Deming’s 14 Management Principles

1. Create consistency of purpose toward improvement of product and service.
Consistency of purpose requires that management be committed to long-term thinking instead of just changing strategies to make the quarterly report look good.  Management must believe that the company will be in business for a long time and then base their strategy on the long term.

2. Adopt the new philosophy. Refuse to accept defects.
Adopt the new philosophy means change.  The changes needed in industry require a complete new outlook on management and industry by raising the expectations of quality.
3. Cease dependence on mass inspection.
Inspection does not improve quality, nor guarantee quality. Inspection is too late. The quality, good or bad, is already in the product. Mass inspection is unreliable, costly, and ineffective.
4. End the practice of awarding business on the basis of price tag. Require suppliers to provide statistical evidence of quality.
The policy of forever trying to drive down the price of anything purchased, with no regard to quality and service, can drive good vendors and good service out of business.
5. Find problems. Continually and forever make improvements.

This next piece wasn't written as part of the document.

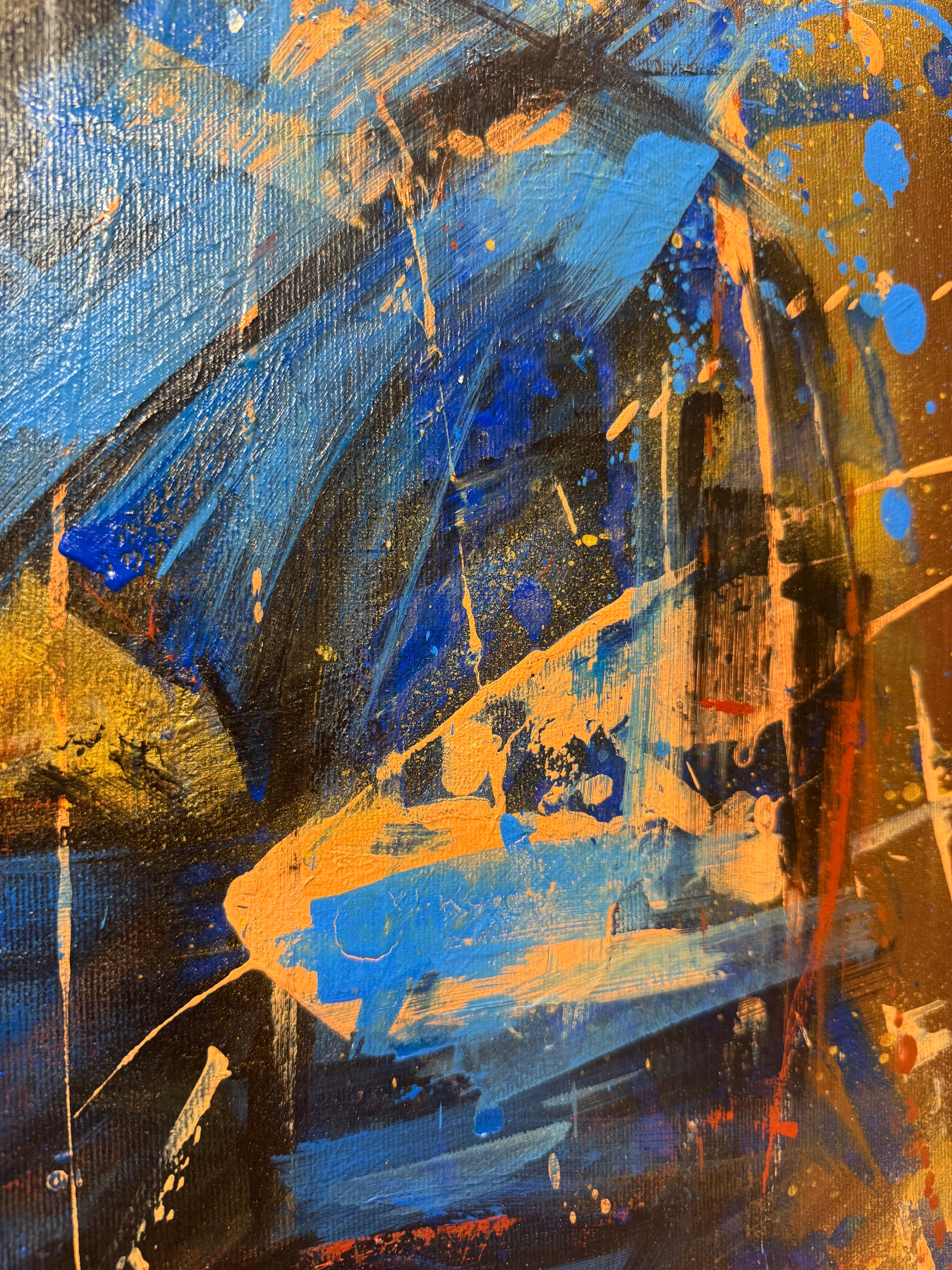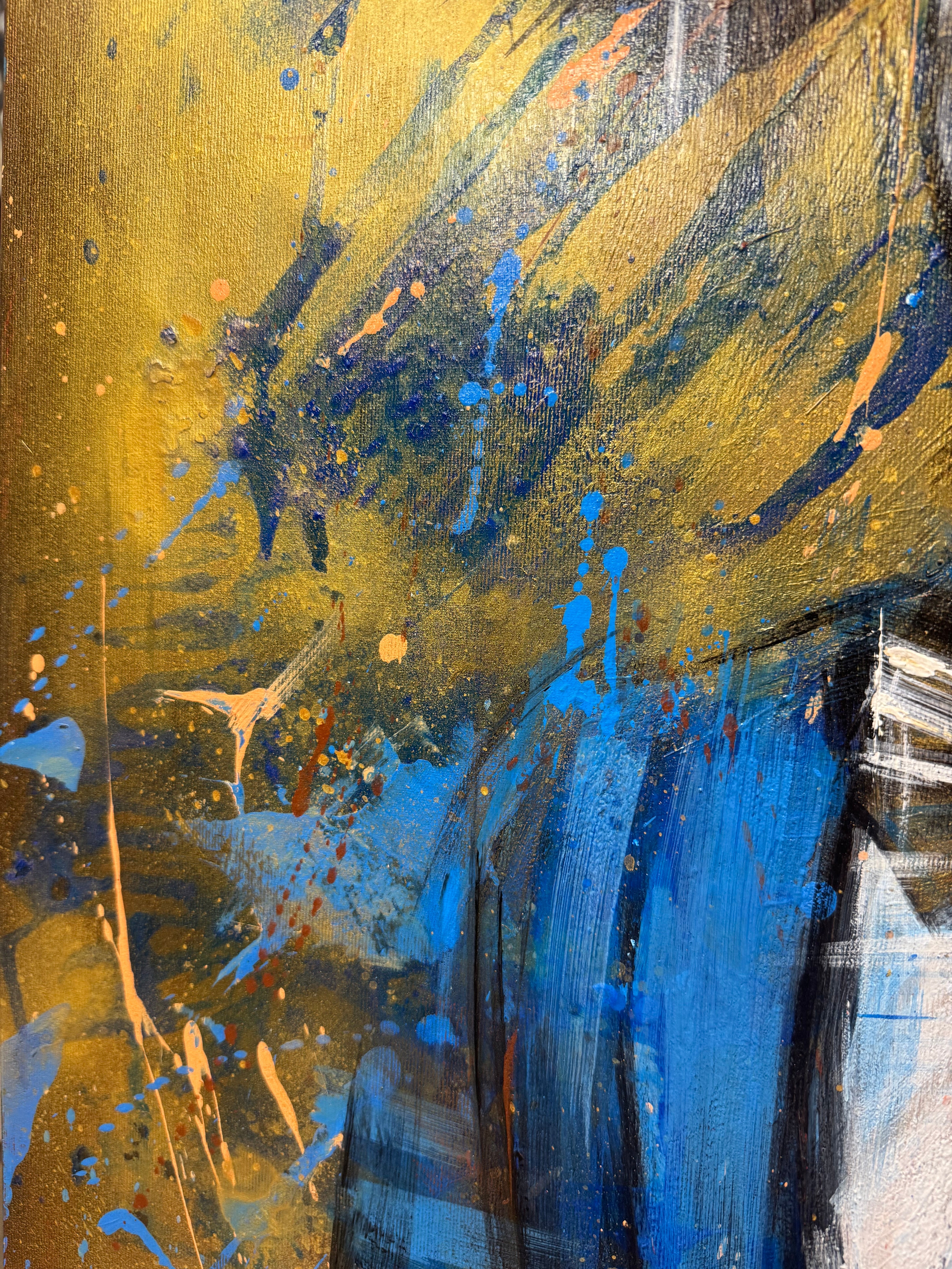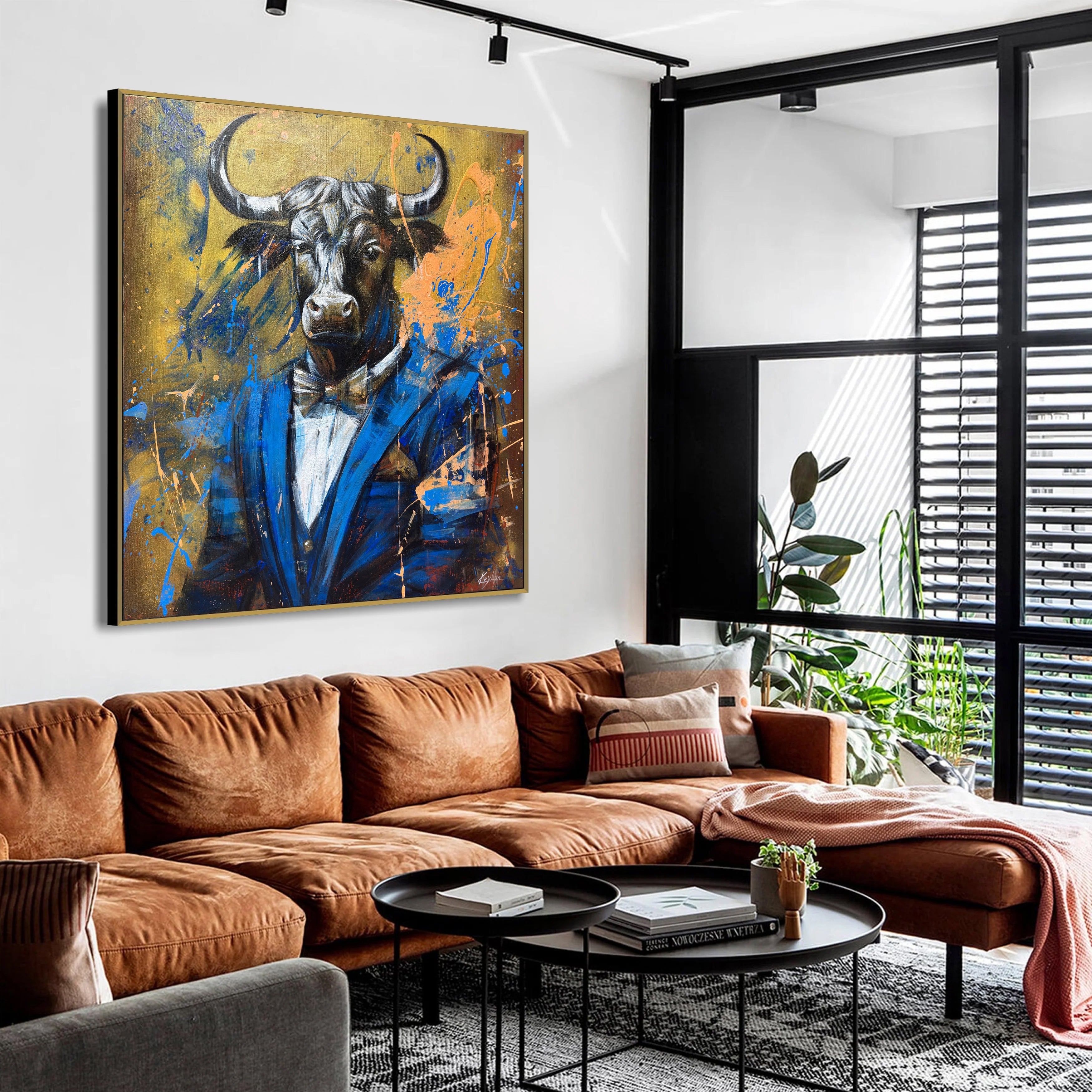 Dapper Bull Pop Art Painting Blue Suit Animal Portrait on Gold Splatter Art Modern Western Painting on Canvas Modern Statement Wall Decor | DAPPER OX | Trend Gallery Art Great Britain – Trendgallery.co.uk
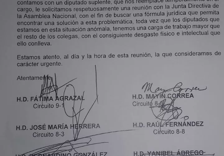 La nota del 15 de enero pasado, lleva las firmas de los diputados Fátima Agrazal, Mayín Correa; José María Herrera, Bernardino González y Raúl Fernández. Además de los mencionados la diputada Yanibel Ábrego tampoco tiene suplente.

Improve constantly and forever the system of planning, production, and service, in order to improve every process and activity in the company, to improve quality and productivity, and thus constantly decrease costs. Institute innovation of product, service, and process. It is management’s job to work continually on the system (design, incoming supplies, maintenance, improvement of equipment, supervision, training, retraining, etc.)
6. Institute modern methods of training on the job.
Training is an investment. It is not an investment in land or equipment but in people. Even though it does not raise the net worth of your company, its results are well worth the investment. The investment is “minute in comparison with the potential advantage to the company of that worker understanding his job, i.e. knowing how to do it properly and to the company’s best advantage.
7. Give all employees the proper tools to do the job right.
8. Drive out fear so that everyone can work effectively.
Encourage effective two-way communication and other means to drive out fear throughout the organization so that everybody may work effectively and more productively for the company.
9. Break down barriers between departments; encourage different departments to work together on problem solving.
Break down barriers between departments and staff areas. People in different areas, such as Research, Design, Sales, Administration, and Production, must work in teams to tackle problems that may be encountered with products or service.
10. Eliminate numerical goals, posters, and slogans that ask for new levels of productivity without providing specific improvement methods.
Eliminate slogans, exhortations, and targets for the work force asking for zero defects and new levels of productivity. Such exhortations only create adversarial relationships, as the bulk of the causes of low quality and low productivity belong to the system and thus lie beyond the power of the work force.
11. Eliminate work standards that prescribe numerical quotas; use statistical methods to continually improve quality and productivity.
A huge contributor to poor quality and waste is quotas. Everyone works at different speeds. There is no way of changing this. To be a good manager you must learn the system you are responsible for. It is then that you can increase productivity by making improvements to the system and not by making lofty and unattainable goals.
12. Remove all barriers to pride in workmanship.
Performance appraisals are an example of tampering with a stable system. It creates a Win-Lose environment instead of a Win-Win environment. People are unable to contribute what they’d like to contribute to their jobs; they have to get a good rating. People find out what is important for merit and do it.
13. Provide vigorous and ongoing education and retraining.
In respect to self-improvement, it is wise for anyone to bear in mind that there is no shortage of good people. Shortage exists at the high levels of knowledge, and this is true in every field.
14. Clearly demonstrate management commitment to the above 13 points every day.
Management must take on the fourteen points whole heartedly. This is not a project but a lifelong commitment needing continual improvement. They must explain the new philosophy to everyone in the company so that everybody as a team can work toward the common goal.